[Stored items]
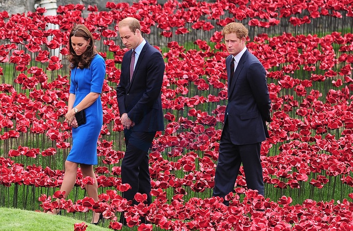 Ksiezna Kate, ksiaze William i ksiaze Harry wsrod ceramicznych makow przy zamku Tower
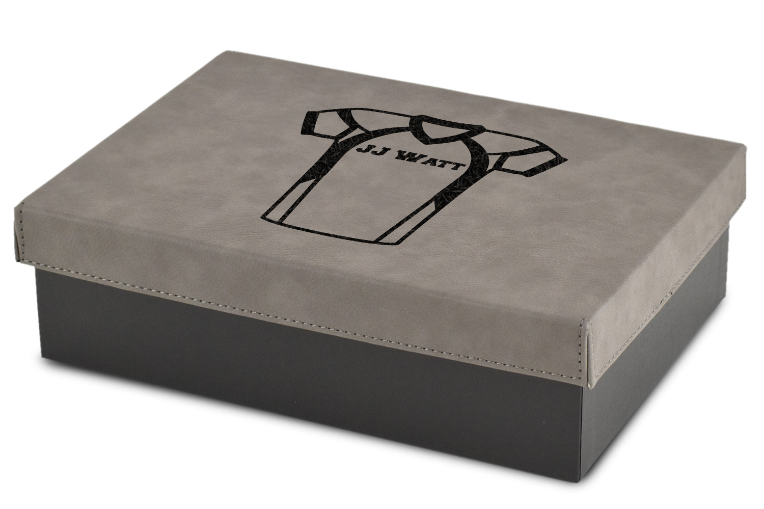 These gift boxes are available in 3 different sizes to accommodate various sized gifts. Available in gray as a neutral color for any occasion as well as to showcase your design boldly. Engraved with a laser this high quality paper board and faux leather gift box is unique and makes any gift stand out.
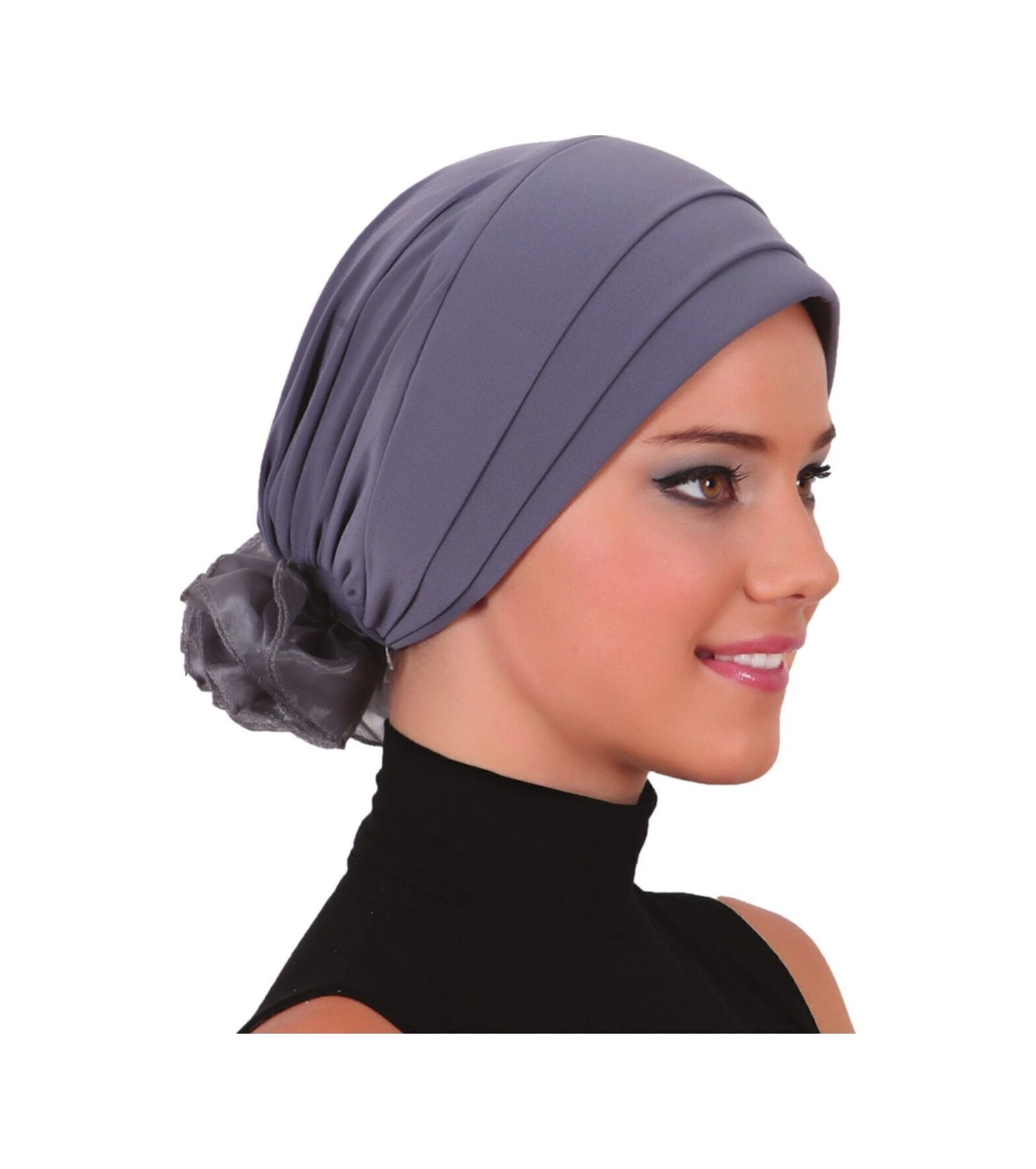 Katlı Arkası Organze Güllü Koyu Gri Hazır Türban Tesettür Bone Koyu Gri
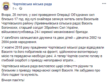 Украинский боец из Тернопольской области Василий Богоносюк погиб от пули снайпера на Донбассе в среду, 20 февраля. Об этом сообщается на странице Чортковского горсовета в соцсети Facebook.
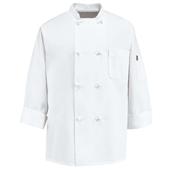 Chef Designs Eight Pearl Button Chef Coat with Thermometer Pocket - Chef Designs 0414WH-RG-M EA - Betty Mills
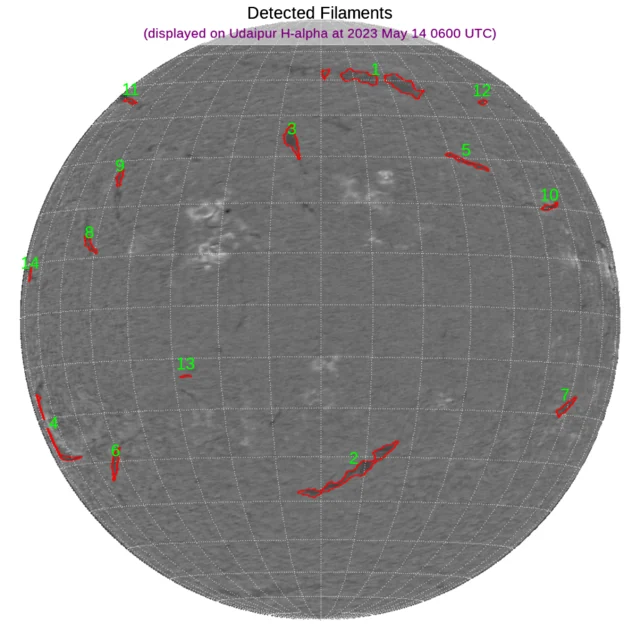 北半球・南半球ともやや高緯度に長めのフィラメントがあります
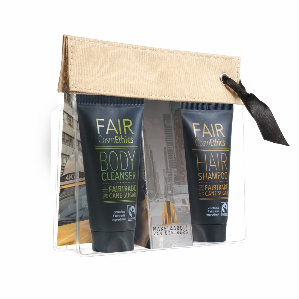 30 ml douchegel en 30 ml shampoo in een luxe toilettas met drukknoopsluiting.

• **Task directions**: Beginning with the line where "Katlı Arkası Organze" appears, transcribe the records above word for word through their last line, and include no pictures.

• **Answer box**:
 Katlı Arkası Organze Güllü Koyu Gri Hazır Türban Tesettür Bone Koyu Gri
 Украинский боец из Тернопольской области Василий Богоносюк погиб от пули снайпера на Донбассе в среду, 20 февраля. Об этом сообщается на странице Чортковского горсовета в соцсети Facebook.
 Chef Designs Eight Pearl Button Chef Coat with Thermometer Pocket - Chef Designs 0414WH-RG-M EA - Betty Mills
 北半球・南半球ともやや高緯度に長めのフィラメントがあります
 30 ml douchegel en 30 ml shampoo in een luxe toilettas met drukknoopsluiting.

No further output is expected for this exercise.